Avec la dépréciation, nos importations coûtent plus cher et nos exportations, dont le textile, ne nous apportent aucun avantage compétitif car nous importons la matière première.

Conséquence de notre économie peu compétitive, de notre secteur des exportations à bout de souffle, de nos investissements directs étrangers trop dépendants de l’immobilier, d’une productivité en baisse, d’une politique monétaire discutable, sans oublier le ralentissement du tourisme, cette tendance à la dépréciation de la roupie ne s’arrêtera pas de sitôt. Reflet de la fragilité de notre économie, l’absence d’une stratégie palliative tournée sur le long terme a un effet néfaste sur la durée, à commencer par l’inflation en hausse et la baisse de confiance pour faire des affaires. Quels sont les symptômes de cette déchéance ? Analyse.

Aujourd’hui vendu à Rs 43,60 selon le taux de change indicatif de la State Bank of Mauritius (SBM), le dollar américain, principale devise utilisée dans le pays pour les importations et les services financiers entre autres, gagne du terrain face à une roupie de plus en plus faible. Subissant les forces du marché, cette tendance à la dépréciation de la roupie a été jusqu’à ce jour compréhensible, compte tenu des indicateurs économiques dans le rouge et l’absence d’entrées suffisantes de devises étrangères dans le pays à travers le tourisme, les exportations ou les investissements directs étrangers, Covid-19 oblige, sans oublier l’effet de notre inclusion sur la liste noire de l’Union européenne.

Or, il ne faut pas non plus négliger l’impact de certaines acrobaties comptables et l’aisance des autorités à faire chauffer la planche à billets, à l’instar des Rs 18 milliards puisées du Special Reserve Fund de la Banque centrale (BoM) pour rembourser la dette publique avant juin 2021, ou encore le don de Rs 60 milliards de la BoM à l’État, le 22 mai 2020, et l’apport à la Mauritius Investment Corporation (MIC). Il y a aussi récemment eu le transfert de Rs 25 milliards au gouvernement via la MIC en soutien aux dépenses fiscales. Indirectes certes, l’exercice de recapitalisation de la Banque centrale et les tentatives de rétablir la balance des paiements mesurée par la variation des réserves en misant sur le taux de change, pèsent aussi de leurs poids dans la lente chute de valeur de notre monnaie locale. Si la dépréciation de la roupie était inévitable en pleine fermeture des frontières et dans cette lutte contre la pandémie, cette tendance qui s’étend à 2022 n’est pas soutenable sur la durée. Elle est même dangereuse.

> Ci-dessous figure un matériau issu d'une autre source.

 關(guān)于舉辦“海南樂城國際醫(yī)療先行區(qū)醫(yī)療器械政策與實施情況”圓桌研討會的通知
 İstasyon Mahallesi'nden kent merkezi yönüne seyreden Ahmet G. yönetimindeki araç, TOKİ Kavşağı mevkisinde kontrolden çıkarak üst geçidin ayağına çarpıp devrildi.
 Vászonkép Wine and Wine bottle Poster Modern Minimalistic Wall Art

Cette déchéance on la note surtout à partir de 2019. Pour mieux la situer, laissons parler les chiffres et faisons une rétrospective. Le 3 janvier 2012, le dollar se vendait à Rs 30,05, passant à Rs 31,30 en décembre de la même année. La roupie était relativement stable entre 2013 et 2014, le dollar se vendant entre Rs 30 et Rs 32. En 2015, on remarque un léger glissement de la roupie, le dollar se vendant à Rs 32,26 le 5 janvier 2015, pour passer à Rs 35,80 le 4 juin et à Rs 36,90 le 31 décembre. Cette tendance se maintiendra sur la majeure partie de 2016. En 2017, la situation s’arrange, le dollar variant entre Rs 33 et Rs 35, avec la même tendance en 2018. La situation se corse en 2019. Le 10 janvier 2019, le dollar se vendait à Rs 34,84, le 10 juin à Rs 36,14, pour passer à Rs 37,10 le 30 décembre 2019, Rs 38,00 en février 2020 et pour finir l’année à Rs 40,30, le 30 décembre 2020.

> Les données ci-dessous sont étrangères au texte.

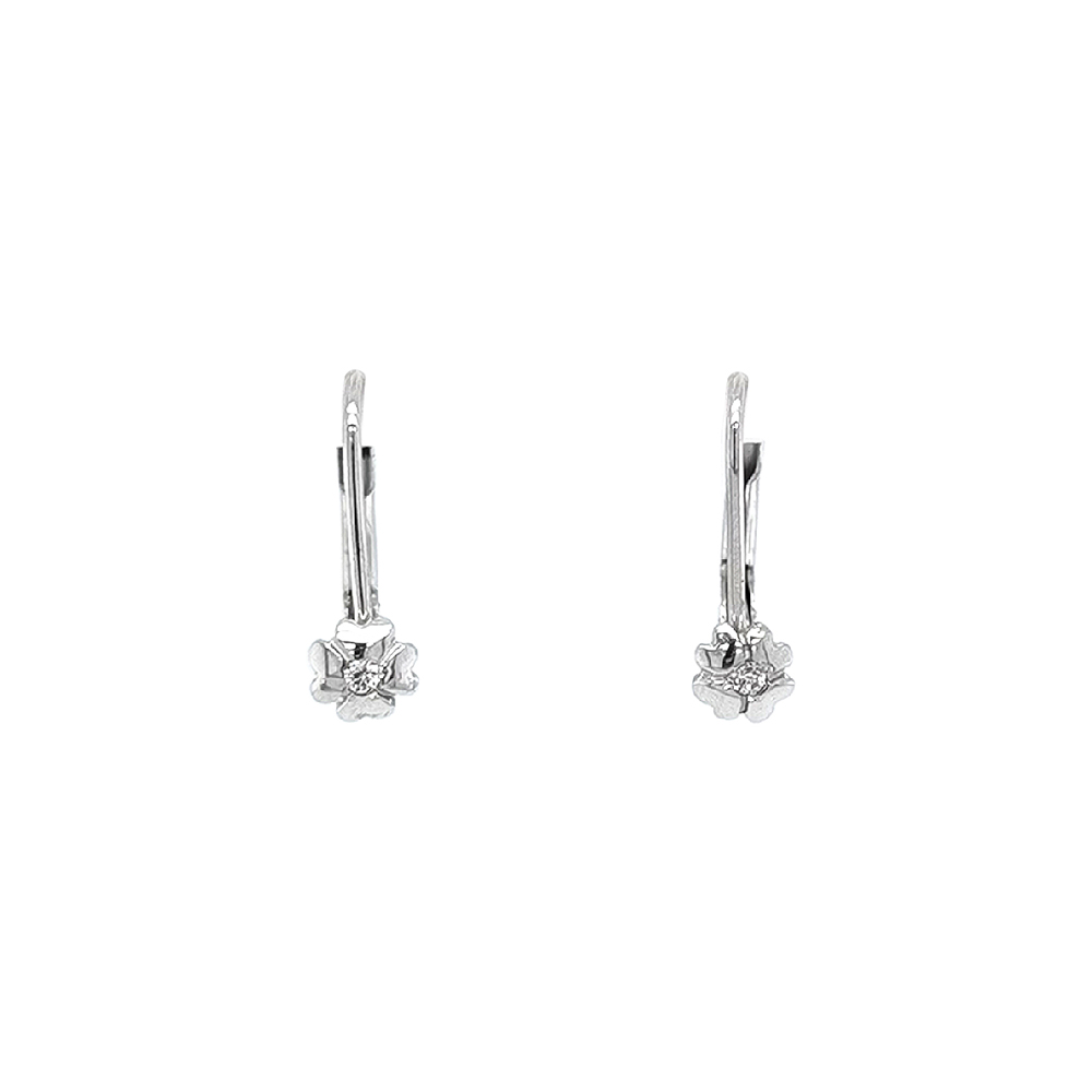 Beny Jewellery Náušnice Čtyřlístek se Zirkony z Bílého Zlata
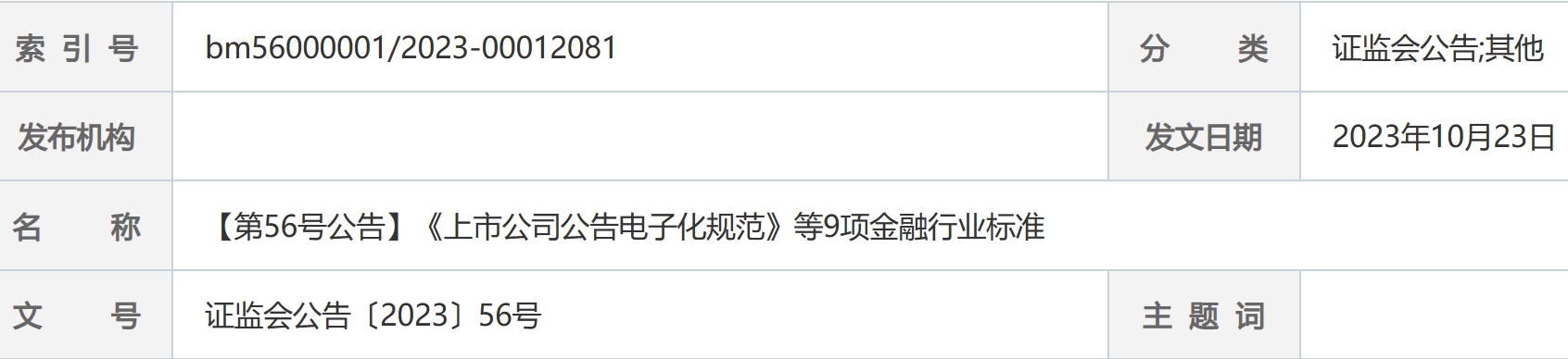 【第56号公告】《上市公司公告电子化规范》等9项金融行业标准
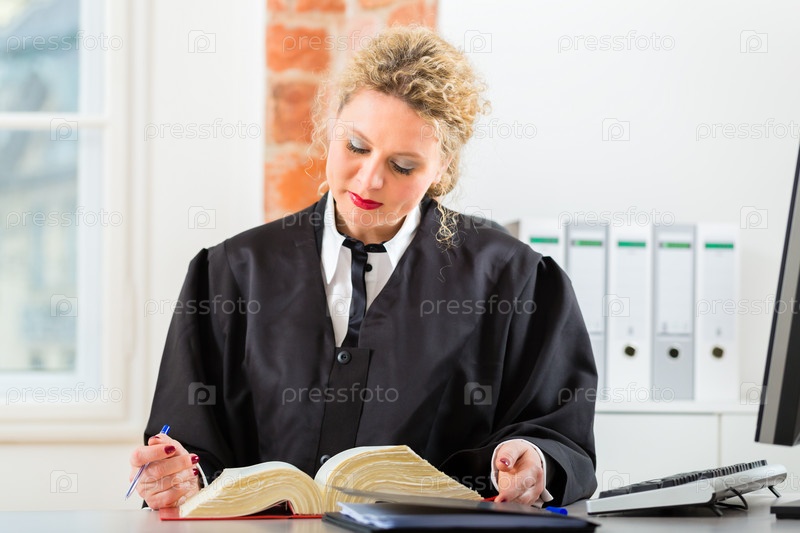 Юрист в офисе с книгой законов

Nous pouvons donc constater cette chute dès 2015, situation à placer sous le signe d’un ralentissement de notre économie, à commencer par la baisse des exportations. Malgré la perte de valeur de la roupie qui gonfle les chiffres des recettes d’exportations, reflet trompeur de la performance de ce secteur, la baisse de performance saute aux yeux. En 2015, le montant de nos exportations se chiffrait à Rs 93,3 milliards, passant à Rs 80,3 milliards en 2018, puis à Rs 78,9 milliards en 2019, pour tomber à Rs 70,2 milliards en 2020 et remonter à Rs 78 milliards en 2021, période où le dollar se vend à près de Rs 40.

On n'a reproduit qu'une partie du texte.